Fantastic Four Adventures is part of Marvel UK's 'Collector's Edition' line.  It is being published by Panini Comics but reprints Marvel Comics from the United States. It began in 2005 around the release of the Fantastic Four film and follows the format established by the Collector's Edition Range. Fantastic Four Adventures is sold once every 28 days through newsagents, although a subscription offer is available. Fantastic Four Adventures retailed at £2.40 upon its release, but rising in printing costs have seen the price rise to £2.50 and then onto the current price of £2.95. It was announced at the end of 2011 that Fantastic Four Adventures would cease publication with its final issue in March 2012, only to be replaced by a new CE, Incredible Hulks.

Format
Fantastic Four Adventures has 76 pages of which there is a contents page on the inside cover and a letters page on the inside back cover, named the "Fantastic Forum". It features very few advertisements, normally 4 of the 76 pages, which is very few compared to the American comics it reprints. All the advertisements are for Marvel-related merchandise. So far, only the first issue is the only one published to be extended to 100 pages. The cover is made out of a thick card unlike the US comics which is made of normal glossy paper.
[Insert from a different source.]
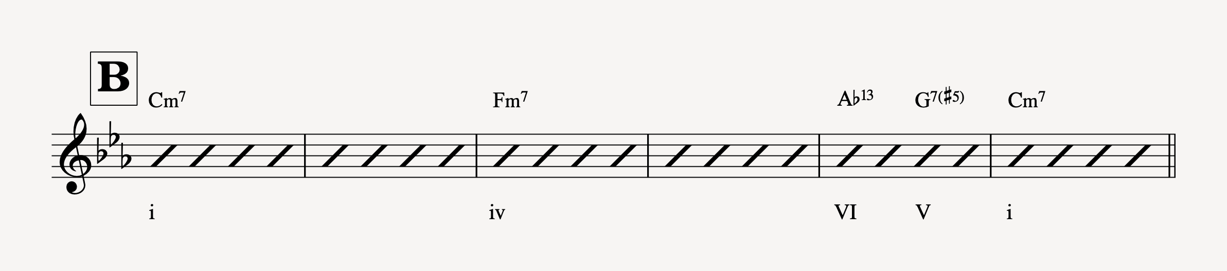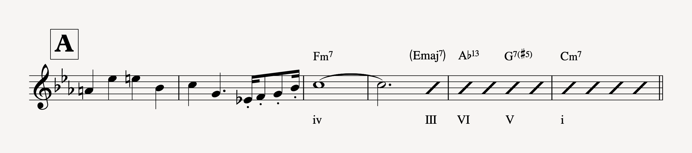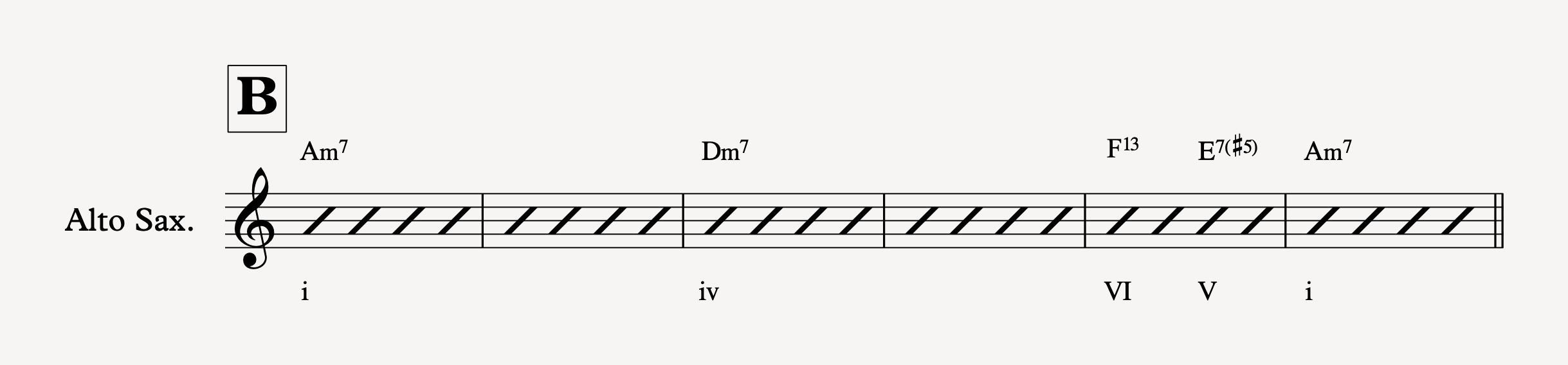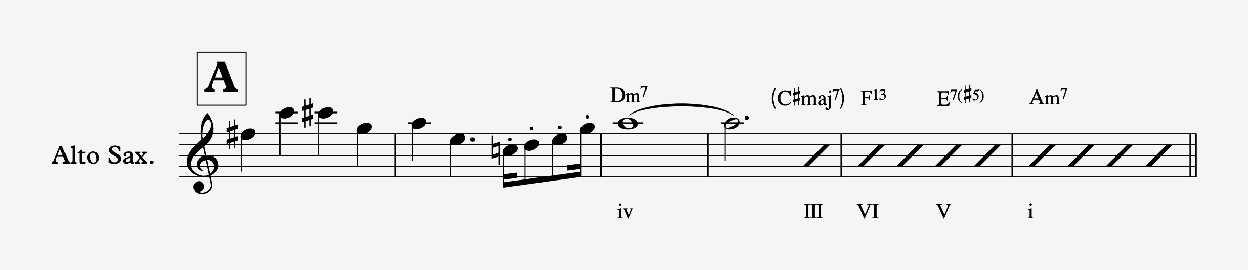 N.B. Since it prominently features alto sax — an E-flat instrument — I’ve provided the dots for this song in both concert pitch C minor and transposed to A minor.

The printing work is of high quality. It currently reprints modern (about two years old) Fantastic Four comics as two of its three 22-page stories.  The 3rd story is a 'classic' story, a story originally printed in the 1960s. Currently it is reprinting the original Fantastic Four stories by Stan Lee and Jack Kirby that established the characters from issue 1, but ended with 'The Thing No More', first printed within Fantastic Four #78. No classic featured in the last issue.

Content
It began by printing stories by Carlos Pacheco and the run by Mark Waid and the late Mike Wieringo, but last printed Mark Millar's and Jonathan Hickman's individual runs on Fantastic Four. It has also printed the Thing miniseries Freakshow, Reed Richards Before the Fantastic Four, as well as Fantastic Four: The End. The comic magazine ended with the final arc of 'Three', the story that depicted the death of Johnny Storm, and a story entitled 'Uncles', originally printed in issue #588 of the US publication of Fantastic Four.

Readers will be unable to read the tales by Hickman depicting the aftermath of Johnny Storm's death which results in the formation of the FF featuring Spider-man, or The Human Torch's return, due to the cancellation of the publication. However, the Spider-man arc entitled 'Fantastic Voyage' will feature in 'Astonishing Spider-man' #67-68, published by Panini.